With the Volunteers, he recorded 103 receptions for 1,361 yards, for a 13.32 yards per reception average, and rushed 31 times for 145 yards and four rushing touchdowns in his collegiate career. At Tennessee, he played with quarterback Peyton Manning and running back Jamal Lewis while wearing #6 for the Vols.

Professional career
Copeland played a year of NFL Europe football for the Barcelona Dragons. He ended the season with a team leading 74 receptions for 821 yards, for an 11.1 yards per reception average, and six touchdowns.

Copeland began his CFL career with the Montreal Alouettes in 2001 and played six games. During that season, he also starred at wide receiver with the XFL's champion Los Angeles Xtreme. He was known for his flashy big plays and the famous long skull cap tail hanging out of his helmet during his time with the XFL. After beginning the 2002 season in the Dallas Cowboys' training camp, Copeland returned to the Alouettes and contributed to their Grey Cup championship that year. Copeland picked up CFL and CFLPA all-star honours in 2003 after piling up 99 receptions and 1,757 receiving yards.  Along with teammate slotback Ben Cahoon, Copeland set a CFL record for most receiving yards by two teammates, amassing 3,318 yards between them.  In 2004, Copeland was one of four receivers with the Alouettes to eclipse the 1,000-yard receiving mark (the others were Cahoon, Thyron Anderson, and Kwame Cavil), a CFL record which was repeated by the Alouettes the following year.

In 2005, Copeland was lured west to join the Calgary Stampeders after he entered free agency.  Although his statistics did not reach the same levels as those achieved with the Alouettes, Copeland and Stampeder teammate Nik Lewis became infamous for their elaborate touchdown celebrations, including a "human bicycle" during the 2005 season, and the "bobsled" at the endzone pylon during the 2006 season. On November 23, 2008, Copeland and teammates of the Calgary Stampeders won the Grey Cup against the hosting Montreal Alouettes, 22-14. In 2009, Copeland enjoyed his best season since 2003 when he recorded 1,235 receiving yards and led the league with 12 receiving touchdowns, earning CFL all-star honours that year.

On February 17, 2010, Copeland was traded to the Toronto Argonauts in exchange for wide receiver P. K. Sam.
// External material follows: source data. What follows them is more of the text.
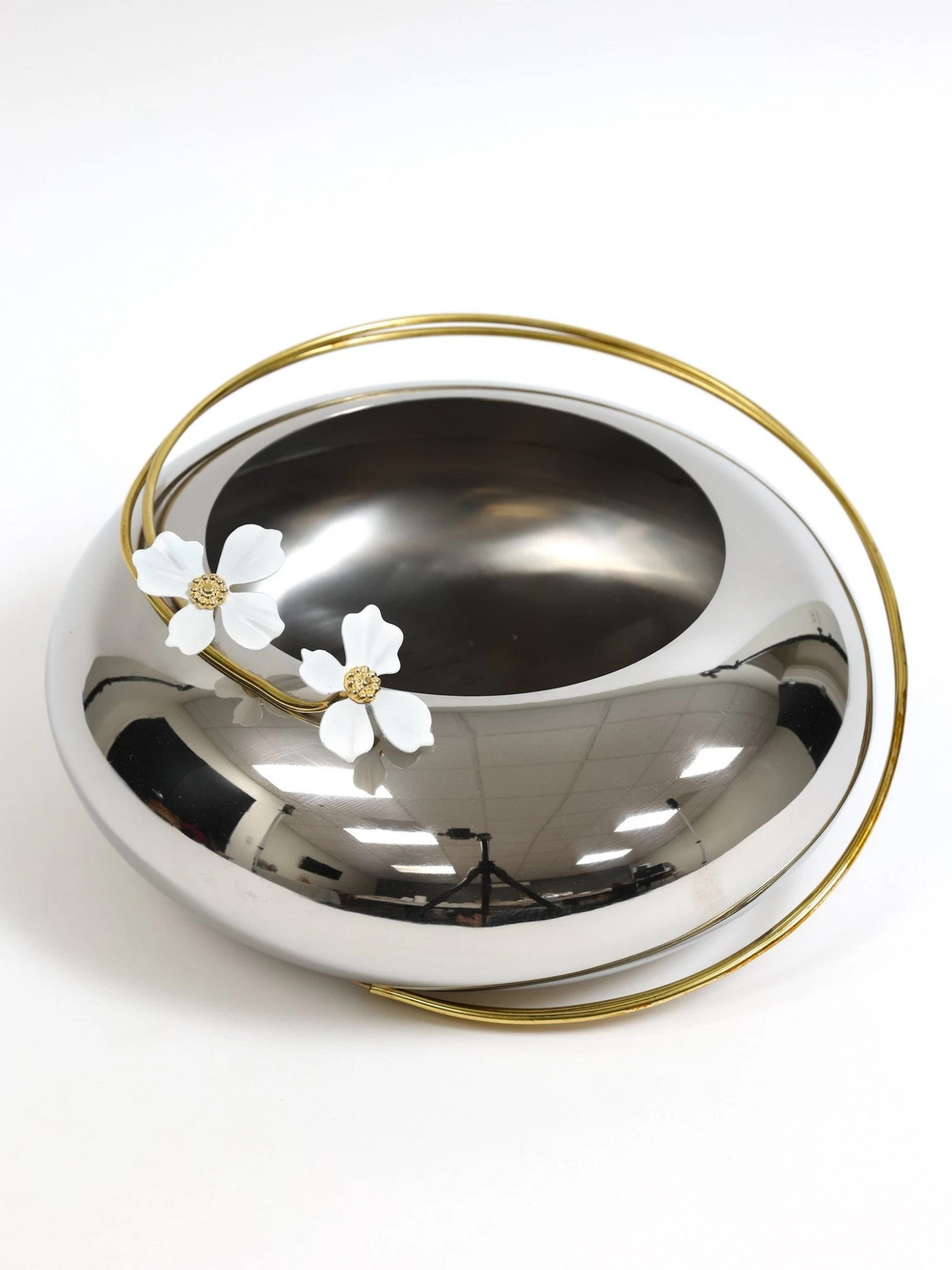 Description: This stunning round gold vase/bowl is simply beautiful styled with your favorite IMHD florals!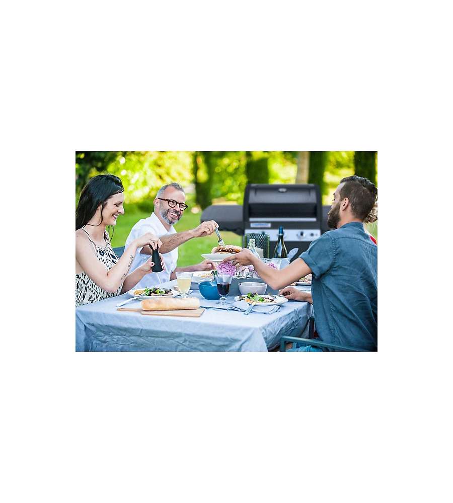 Cucinare per una festa in famiglia o con amici non sarà un problema, con questo potente BBQ a 3 bruciatori. Caratterizzato dall’ampia superficie di cottura, non teme alcun numero di ospiti! È dotato di griglia e piastra per poter preparare contemporaneamente cibi diversi come carne, pesce, verdure e formaggi. Massima versatilità grazie all’innovativo Culinary Modular (optional), che permette di inserire nell’apposito alloggio una pietra per pizza, un wok ed altri accessori (venduti separatamente) rendendo il barbecue una vera e propria cucina professionale da esterno. Il sistema InstaClean® infine, consente di lavare tutto in lavastoviglie lasciandoti solo il piacere di grigliare. Dimensioni superficie di cottura 61 x 46 cm (2.800 cm²).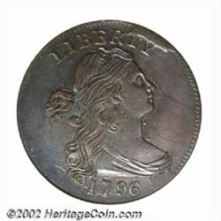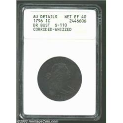 1796 1C Reverse of 1794--Corroded, Whizzed--ANACS. AU Details, Net XF40. S-110, R.3. A late die state, the obverse cud (as struck) over the TY in LIBERTY is readily evident. Several other breaks are evident in the right obverse field and around the date. This coin offers overall sharp definition for a more modest sum. Well centered, the surfaces, however, are a little glossy with dappled charcoal and orange-brown coloration. Noyes' 1991 Condition Census for Sheldon-110 (which is based on EAC grading standards) reads: 65; 60+; 55; 45; 40; 40. Important notice: We expect to be auctioning lots at the rate of 200-250 per hour. Sometimes eBay Premier live bid software cannot keep up with that pace, so we strongly recommend that you place a realistic proxy bid now as insurance to avoid disappointment. Also please note that all Heritage/CAA lots purchased through eBay Premier carry a 20% Buyer's Premium. Please make sure you read the Terms and Conditions.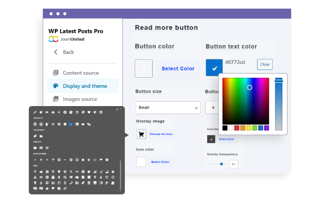 Le plugin comprend huit thèmes intégrés avec des dispositions et des options de style uniques, permettant une personnalisation complète des couleurs, des icônes, des images, des effets de survol et des animations pour correspondre à la conception de votre site.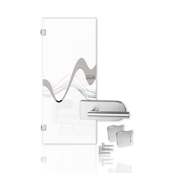 Niepokonany dreamteam: Dzięki naszemu kompletnemu zestawowi składającemu się z drzwi całkowicie szklanych Sinus 2 i pasującego zestawu okuć Gamma firmy Erkelenz możesz cieszyć się idealnie dopasowanym zestawem drzwiowym w okazyjnej cenie.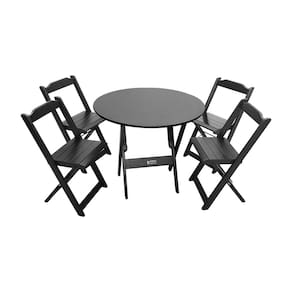 Conjunto Dobrável Mesa De Madeira 90cm Redonda Com 4 Cadeiras Preta - Tarimatã A Mesa redonda dobrável é ideal para bares, restaurantes, estabelecimentos, áreas de lazer e também para sua casa. Em madeira maciça tornando resistente e durável. Seu design permite ser encaixado em qualquer ambiente, trazendo um toque a mais para seu estabelecimento. Além de sua durabilidade, o que lhe trará conforto para servir seus clientes. Por ser dobrável torna-se mais fácil guardar, manusear e limpar o produto.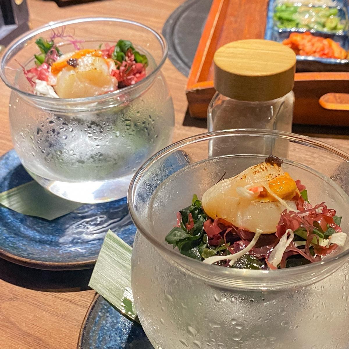 Seaweed and Japanese-style sauce are paired with raw food-grade scallops and sea urchins. It’s really refreshing to eat in one bite~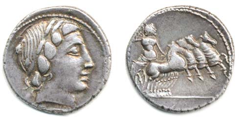 AR denár, Hlava Apolóna doprava / Jupiter v quadrize, S.229, Crawford.350A/2_tém.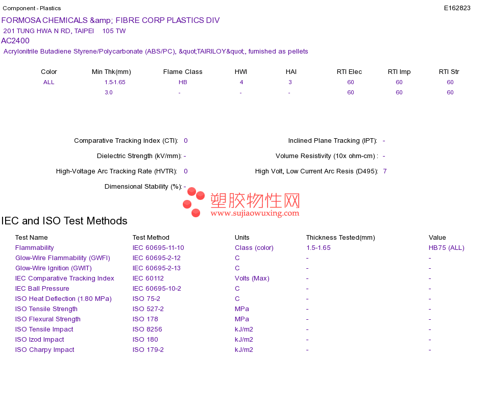 Acrylonitrile Butadiene Styrene/Polycarbonate (ABS/PC) AC2400UL黄卡资料请登陆会员后查看,如需电子档资料,请联系客服! 赵生:手机13424755533;QQ:27660005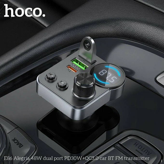 АЗУ Bluetooth FM Трансмиттер HOCO E86 Alegria 48W dual port PD30W+QC3.0 (черный)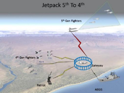 由于F-22的最終生產(chǎn)數(shù)量遠(yuǎn)低于當(dāng)年的預(yù)期,并且美國空軍傳統(tǒng)戰(zhàn)斗機(jī)的服役時(shí)間也將遠(yuǎn)長于當(dāng)年的預(yù)期,F(xiàn)-22與傳統(tǒng)戰(zhàn)斗機(jī)難以有效互連互通的局面必須改變。為此,美國空軍成為美國國防部發(fā)起的一項(xiàng)聯(lián)合能力技術(shù)演示驗(yàn)證(JCTD)項(xiàng)目的參與者之一。該項(xiàng)目被稱為“聯(lián)合攻擊戰(zhàn)斗機(jī)一體化終端”(Joint Strike Fighter Enterprise Terminal,JETPack),旨在對可解決這一問題的、具有適當(dāng)成熟度和可生產(chǎn)性的技術(shù)進(jìn)行演示驗(yàn)證。漢米爾頓透露,如果資金到位,那么基本型JETPack設(shè)備有望在今年年底之前在替代飛機(jī)上開始試飛。他還表示:該項(xiàng)目的實(shí)施周期為24個(gè)月,現(xiàn)已進(jìn)行了18個(gè)月,已接近完成;基本型JETPack設(shè)備包括若干天線、一個(gè)終端和安裝在網(wǎng)關(guān)平臺上的“遠(yuǎn)端電子設(shè)備”(remote electronics);項(xiàng)目面臨的主要挑戰(zhàn)是為網(wǎng)關(guān)開發(fā)天線系統(tǒng),并避免系統(tǒng)內(nèi)部的電磁干擾。漢米爾頓還說,考慮到在反介入/區(qū)域拒止環(huán)境中作戰(zhàn)的需要,該項(xiàng)目得以加速。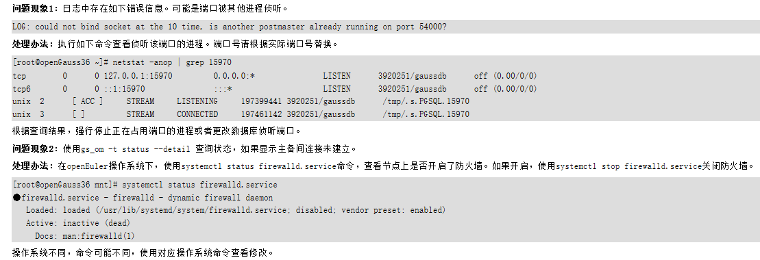 openGauss 启动失败,报网络错误
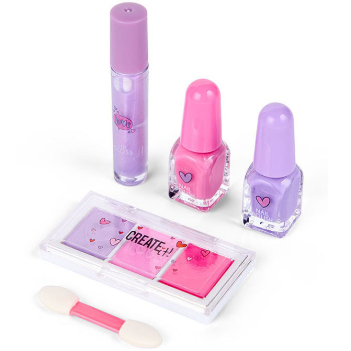 Παιχνίδι μακιγιάζ, της εταιρείας Create it!. Τα παιχνίδια ομορφιάς δεν προσφέρουν μόνο αμέτρητες ώρες διασκέδασης, αλλά ενισχύουν ταυτόχρονα τις κοινωνικές και συναισθηματικές δεξιότητες του παιδιού μέσα από τη διαδικασία της μίμησης, της καλλιέργειας της φαντασίας και της λεπτής κινητικότητας.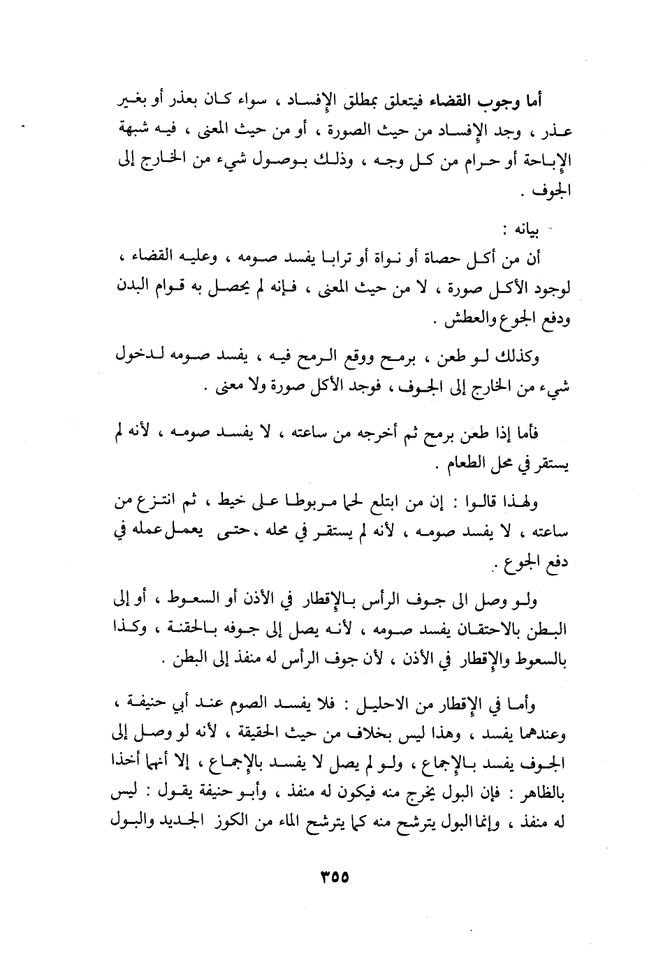 وَأما فِي الإقطار من الإحليل فَلَا يفْسد الصَّوْم عِنْد أبي حنيفَة وَعِنْدَهُمَا يفْسد وَهَذَا لَيْسَ بِخِلَاف من حَيْثُ الْحَقِيقَة لِأَنَّهُ لَو وصل إِلَى الْجوف يفْسد بِالْإِجْمَاع وَلَو لم يصل لَا يفْسد بِالْإِجْمَاع إِلَّا أَنَّهُمَا أخذا بِالظَّاهِرِ فَإِن الْبَوْل يخرج مِنْهُ فَيكون لَهُ منفذ وَأَبُو حنيفَة يَقُول لَيْسَ لَهُ منفذ وَإِنَّمَا الْبَوْل يترشح مِنْهُ كَمَا يترشح المَاء من الْكوز الْجَدِيد وَالْبَوْل
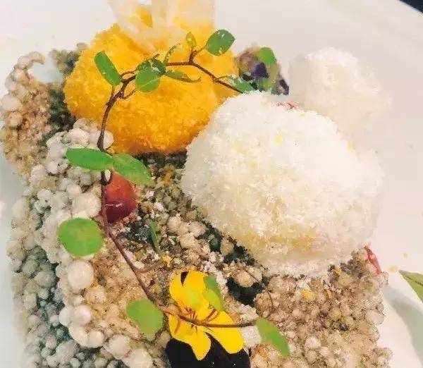 原料:土豆粉100克,培根片30克,三文鱼30克,牛油果1个,西米鱿鱼片1片,三色紫罗兰3个,柠檬1个,椰子50克,黄面包屑50克,香草15克芝士粉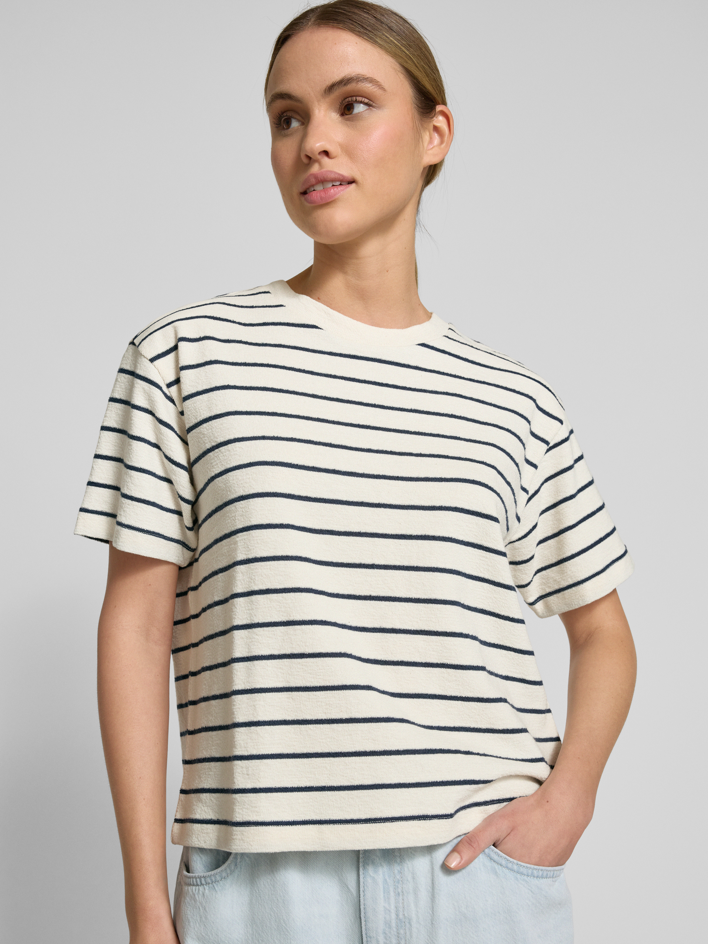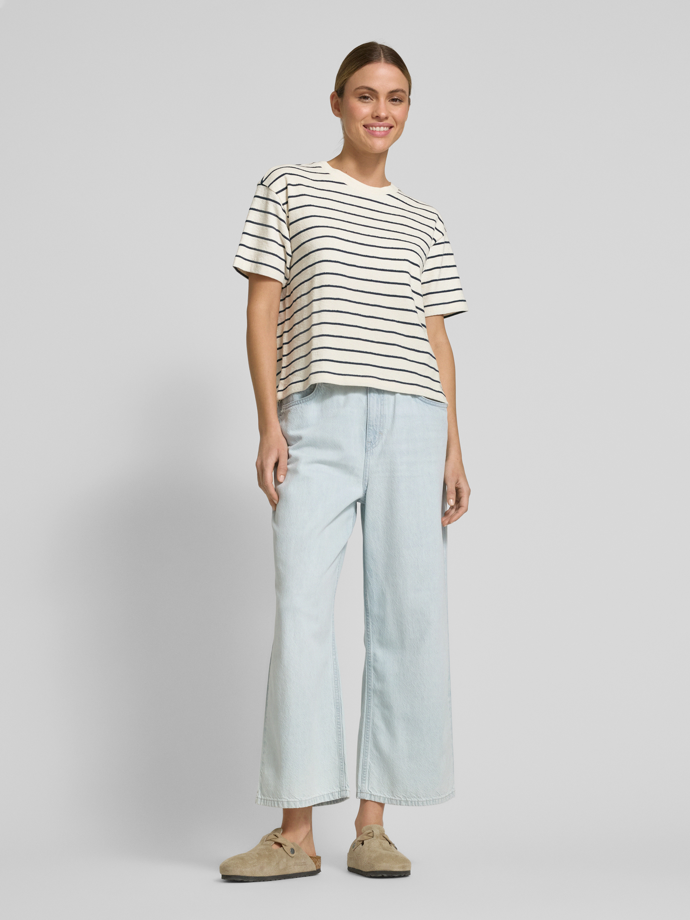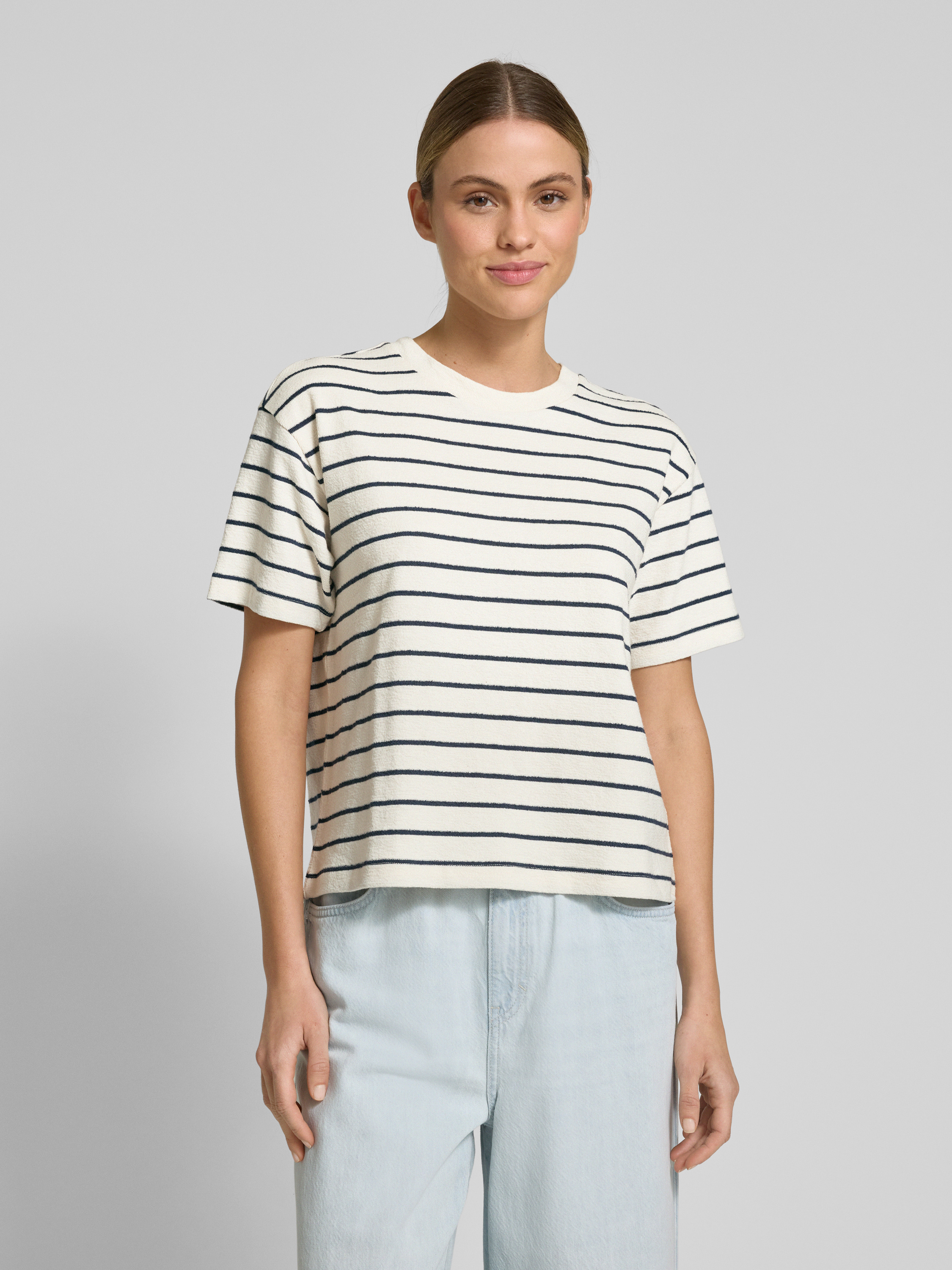 Das Cropped T-Shirt von Jake*s Studio Woman kombiniert einen lässigen Baumwoll-Mix mit einem lockeren Schnitt, der sich ideal für entspannte Tage eignet. Der gerippte Rundhalsausschnitt verleiht dem Design eine dezente Struktur. Es bietet vielseitige Kombinationsmöglichkeiten für verschiedene Anlässe.

He was elected as the team's offensive captain, leading an inexperienced receiving corps and being a crutch for inexperienced CFL quarterback Cleo Lemon. With the team, he was reunited with former XFL teammate Noel Prefontaine. On November 3, 2011, he surpassed the 10,000 career receiving yards mark, becoming the 15th CFL player to reach the milestone.

On January 25, 2012, Copeland officially retired from the CFL after 11 seasons in professional football.

Coaching career
After announcing his retirement from professional football, Copeland was named the wide receivers coach of the Hamilton Tiger-Cats, joining former offensive coordinator George Cortez who was the team's head coach at the time. Following the 2012 season, Copeland left the Tiger-Cats to complete his degree at the University of Tennessee.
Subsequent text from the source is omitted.